_PROBLEM:_ As the answer, set down the lines below from the one containing "สำหรับวาดภาพ พร้อมกระเป๋าผ้าใบ พิมพ์โลโก้ได้" through the one containing "Q1.あなたは将来マイホーム", exactly and inclusively, and no others.

_PROVIDED RECORDS:_
..........

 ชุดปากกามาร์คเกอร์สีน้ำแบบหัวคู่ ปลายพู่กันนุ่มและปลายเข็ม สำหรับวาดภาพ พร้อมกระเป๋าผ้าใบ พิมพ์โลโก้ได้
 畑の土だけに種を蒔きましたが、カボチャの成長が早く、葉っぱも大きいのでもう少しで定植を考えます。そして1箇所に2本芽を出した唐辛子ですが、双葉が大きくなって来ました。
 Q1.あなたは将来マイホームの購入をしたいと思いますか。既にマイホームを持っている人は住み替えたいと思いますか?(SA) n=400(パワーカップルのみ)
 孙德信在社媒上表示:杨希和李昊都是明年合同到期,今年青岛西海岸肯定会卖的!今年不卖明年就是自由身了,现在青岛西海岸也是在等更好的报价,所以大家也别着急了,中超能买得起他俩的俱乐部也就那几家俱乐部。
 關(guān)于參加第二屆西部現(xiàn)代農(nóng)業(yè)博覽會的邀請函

..........

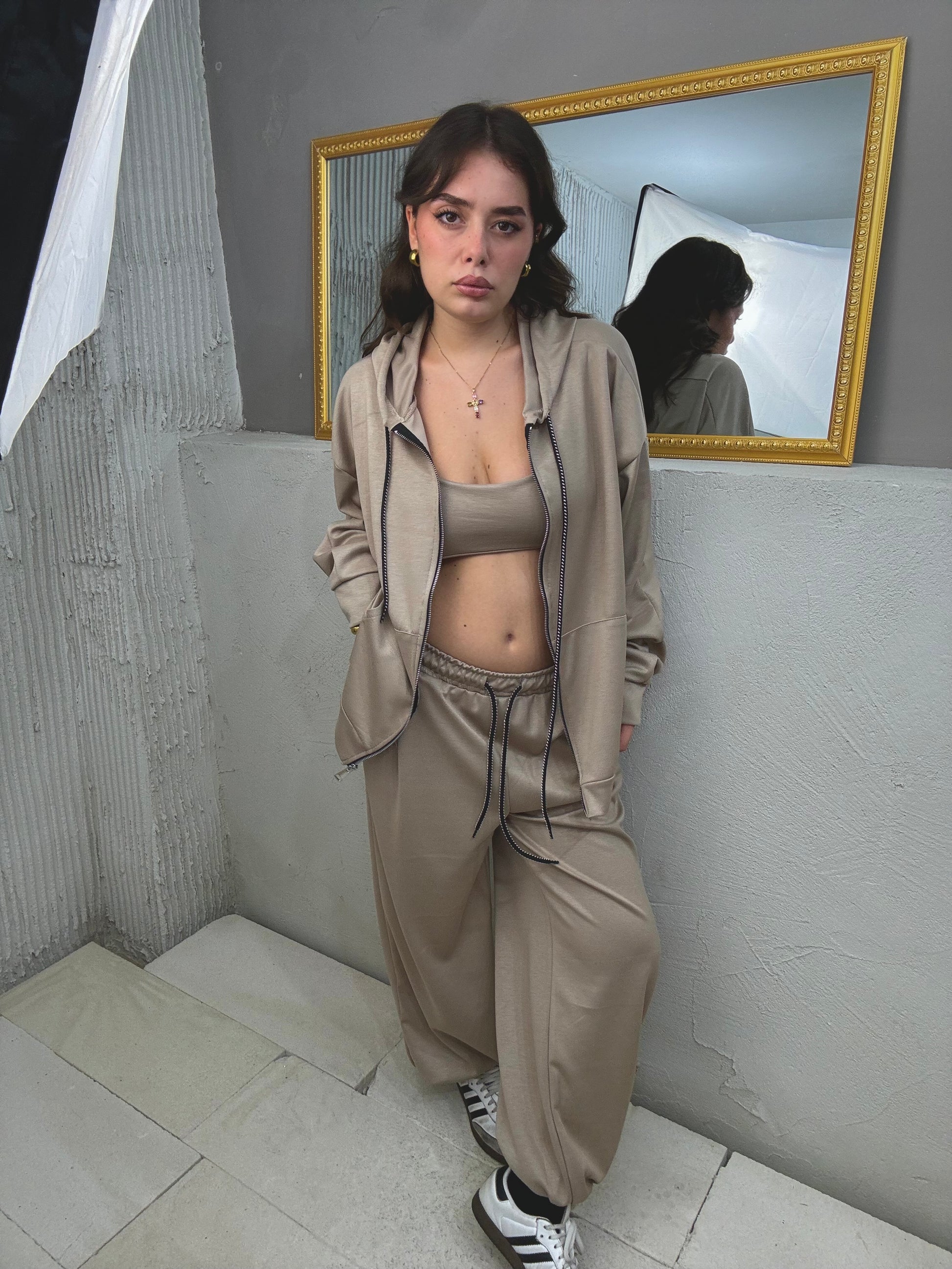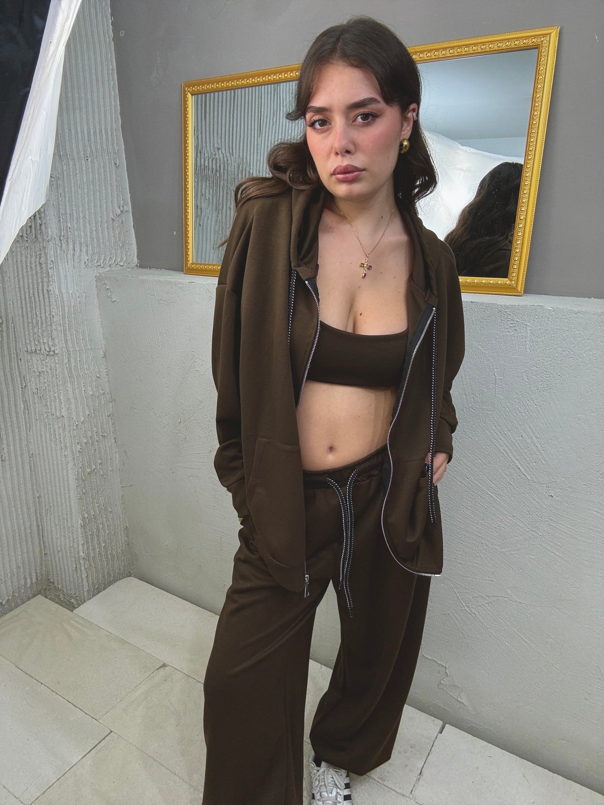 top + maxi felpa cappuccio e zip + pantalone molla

..........

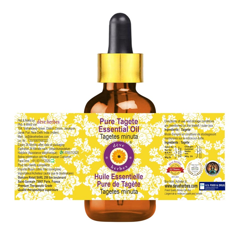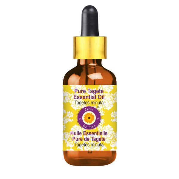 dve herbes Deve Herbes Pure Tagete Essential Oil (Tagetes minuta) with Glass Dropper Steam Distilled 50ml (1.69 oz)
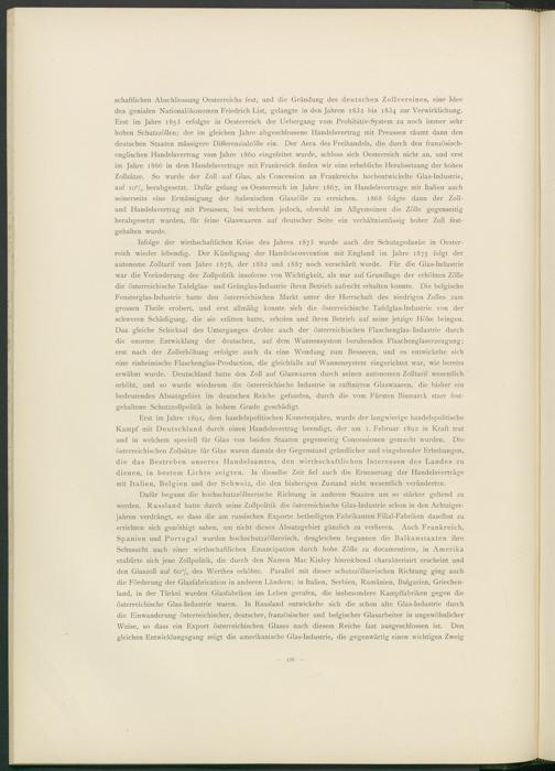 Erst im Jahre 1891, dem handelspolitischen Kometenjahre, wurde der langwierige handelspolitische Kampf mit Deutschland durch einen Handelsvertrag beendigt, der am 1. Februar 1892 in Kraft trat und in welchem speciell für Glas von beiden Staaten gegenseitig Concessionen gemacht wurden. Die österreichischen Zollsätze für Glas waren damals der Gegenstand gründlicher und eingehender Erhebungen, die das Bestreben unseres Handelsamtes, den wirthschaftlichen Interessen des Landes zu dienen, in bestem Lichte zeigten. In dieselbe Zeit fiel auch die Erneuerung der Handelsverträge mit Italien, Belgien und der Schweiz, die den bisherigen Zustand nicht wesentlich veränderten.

..........

_RESPONSE:_
 ชุดปากกามาร์คเกอร์สีน้ำแบบหัวคู่ ปลายพู่กันนุ่มและปลายเข็ม สำหรับวาดภาพ พร้อมกระเป๋าผ้าใบ พิมพ์โลโก้ได้
 畑の土だけに種を蒔きましたが、カボチャの成長が早く、葉っぱも大きいのでもう少しで定植を考えます。そして1箇所に2本芽を出した唐辛子ですが、双葉が大きくなって来ました。
 Q1.あなたは将来マイホームの購入をしたいと思いますか。既にマイホームを持っている人は住み替えたいと思いますか?(SA) n=400(パワーカップルのみ)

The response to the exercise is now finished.